*** Task material Section Begins ***

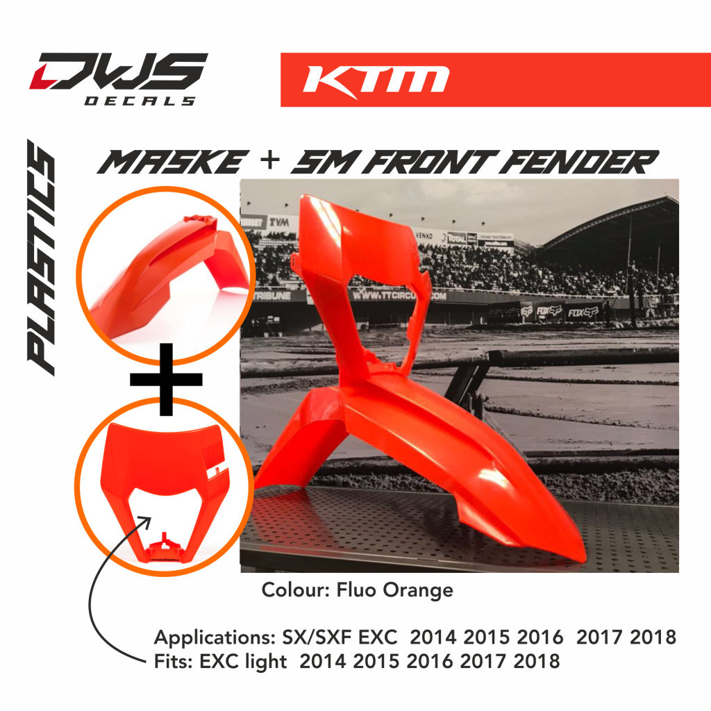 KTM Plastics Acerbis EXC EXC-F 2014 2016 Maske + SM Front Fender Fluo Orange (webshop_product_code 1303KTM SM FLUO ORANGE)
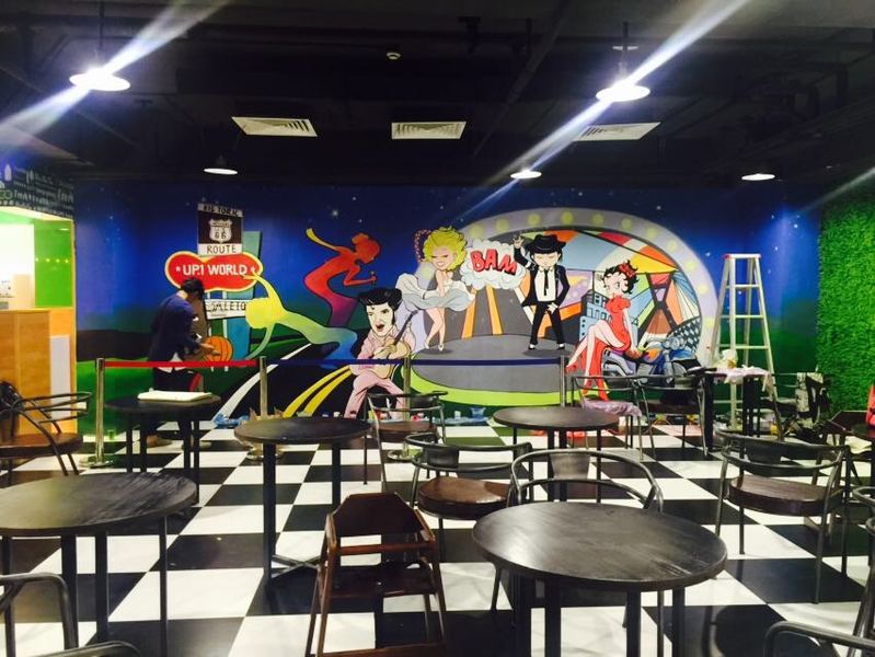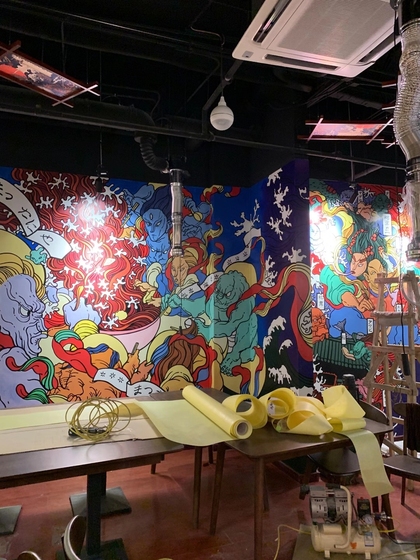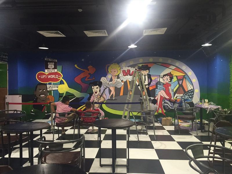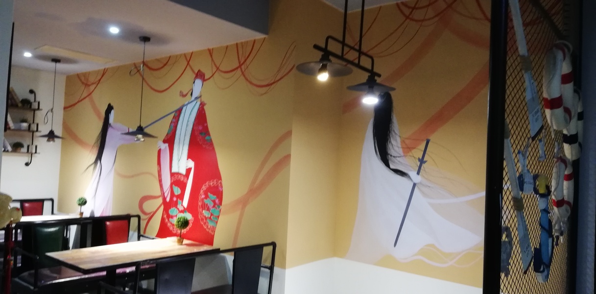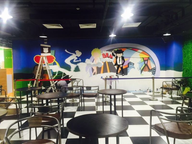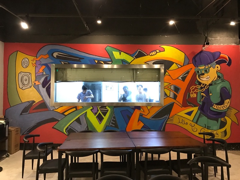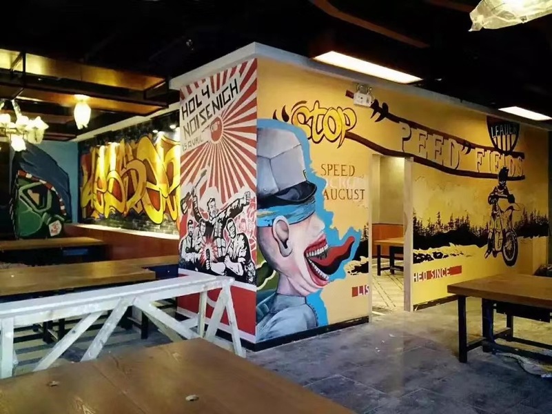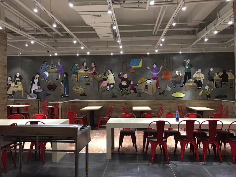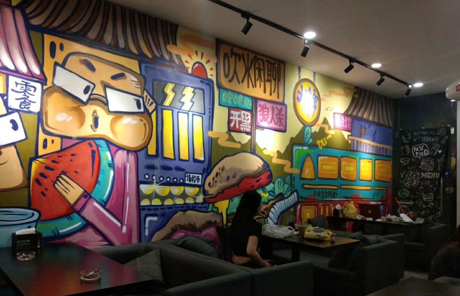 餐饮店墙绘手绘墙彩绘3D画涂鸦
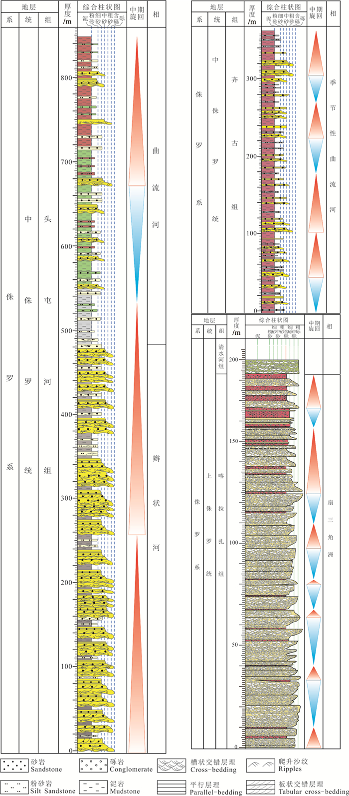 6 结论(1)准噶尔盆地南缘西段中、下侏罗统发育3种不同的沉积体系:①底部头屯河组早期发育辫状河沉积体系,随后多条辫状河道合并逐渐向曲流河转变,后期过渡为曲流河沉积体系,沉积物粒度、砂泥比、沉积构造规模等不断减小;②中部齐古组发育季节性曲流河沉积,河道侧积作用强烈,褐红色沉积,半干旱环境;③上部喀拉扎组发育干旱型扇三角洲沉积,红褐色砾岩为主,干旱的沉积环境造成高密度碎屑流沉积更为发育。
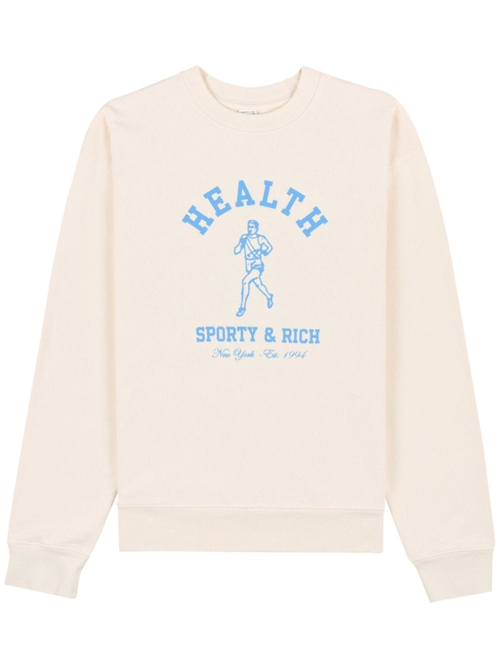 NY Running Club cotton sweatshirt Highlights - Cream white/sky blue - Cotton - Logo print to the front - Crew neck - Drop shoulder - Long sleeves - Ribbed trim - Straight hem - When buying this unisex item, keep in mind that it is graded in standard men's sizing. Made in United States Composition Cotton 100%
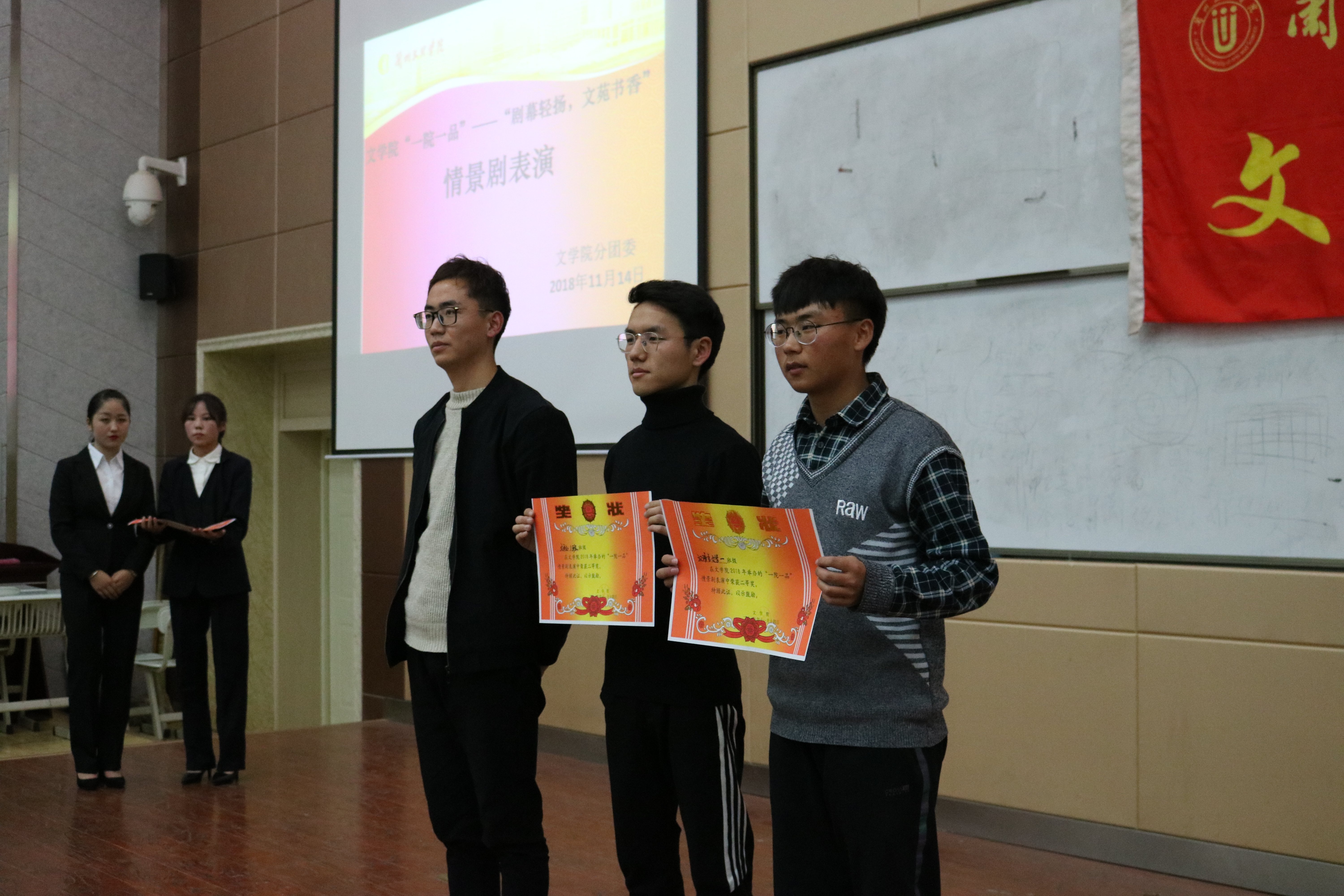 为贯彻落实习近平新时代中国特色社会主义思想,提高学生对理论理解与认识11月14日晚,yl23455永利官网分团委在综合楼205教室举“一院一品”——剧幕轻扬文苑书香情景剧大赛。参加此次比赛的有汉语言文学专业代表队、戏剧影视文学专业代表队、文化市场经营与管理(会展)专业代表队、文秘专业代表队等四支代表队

*** Task material Section Ends ***
*** Task material Section Begins ***

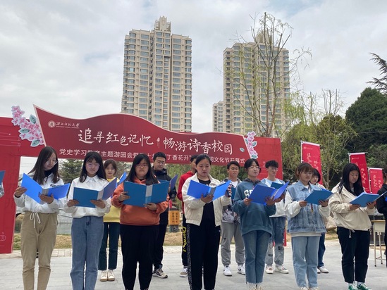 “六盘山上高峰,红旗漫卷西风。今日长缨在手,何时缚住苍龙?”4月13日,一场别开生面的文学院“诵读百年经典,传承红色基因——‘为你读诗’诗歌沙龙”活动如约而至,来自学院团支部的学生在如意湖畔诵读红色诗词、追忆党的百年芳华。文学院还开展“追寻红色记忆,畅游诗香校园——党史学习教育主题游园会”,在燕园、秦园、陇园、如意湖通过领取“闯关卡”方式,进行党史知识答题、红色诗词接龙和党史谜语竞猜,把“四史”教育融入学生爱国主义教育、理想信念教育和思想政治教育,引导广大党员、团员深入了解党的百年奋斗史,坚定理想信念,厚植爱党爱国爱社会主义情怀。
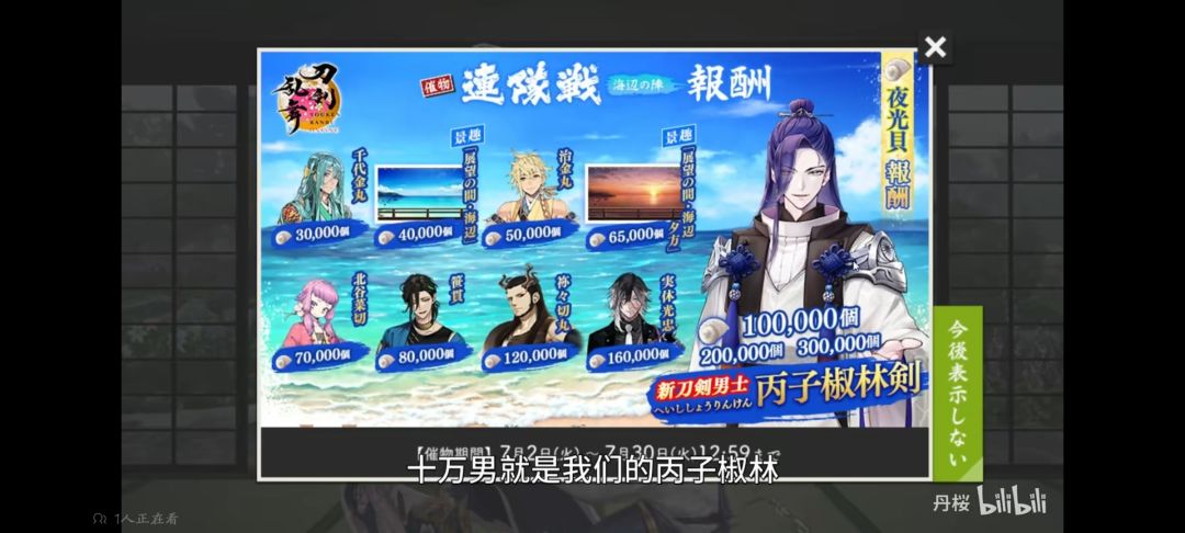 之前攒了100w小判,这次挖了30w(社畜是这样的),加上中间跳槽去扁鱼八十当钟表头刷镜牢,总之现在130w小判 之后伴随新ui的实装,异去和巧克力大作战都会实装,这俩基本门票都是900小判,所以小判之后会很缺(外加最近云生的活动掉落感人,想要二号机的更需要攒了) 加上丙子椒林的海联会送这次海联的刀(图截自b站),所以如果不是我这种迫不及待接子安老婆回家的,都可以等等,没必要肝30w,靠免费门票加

*** Task material Section Ends ***

| To do |
Copy the lines above exactly, starting with the line that contains "KTM Plastics Acerbis" and ending with the line that contains "为贯彻落实习近平新时代中国特", and leave out any pictures.

| Your response |
 KTM Plastics Acerbis EXC EXC-F 2014 2016 Maske + SM Front Fender Fluo Orange (webshop_product_code 1303KTM SM FLUO ORANGE)
 餐饮店墙绘手绘墙彩绘3D画涂鸦
 6 结论(1)准噶尔盆地南缘西段中、下侏罗统发育3种不同的沉积体系:①底部头屯河组早期发育辫状河沉积体系,随后多条辫状河道合并逐渐向曲流河转变,后期过渡为曲流河沉积体系,沉积物粒度、砂泥比、沉积构造规模等不断减小;②中部齐古组发育季节性曲流河沉积,河道侧积作用强烈,褐红色沉积,半干旱环境;③上部喀拉扎组发育干旱型扇三角洲沉积,红褐色砾岩为主,干旱的沉积环境造成高密度碎屑流沉积更为发育。
 NY Running Club cotton sweatshirt Highlights - Cream white/sky blue - Cotton - Logo print to the front - Crew neck - Drop shoulder - Long sleeves - Ribbed trim - Straight hem - When buying this unisex item, keep in mind that it is graded in standard men's sizing. Made in United States Composition Cotton 100%
 为贯彻落实习近平新时代中国特色社会主义思想,提高学生对理论理解与认识11月14日晚,yl23455永利官网分团委在综合楼205教室举“一院一品”——剧幕轻扬文苑书香情景剧大赛。参加此次比赛的有汉语言文学专业代表队、戏剧影视文学专业代表队、文化市场经营与管理(会展)专业代表队、文秘专业代表队等四支代表队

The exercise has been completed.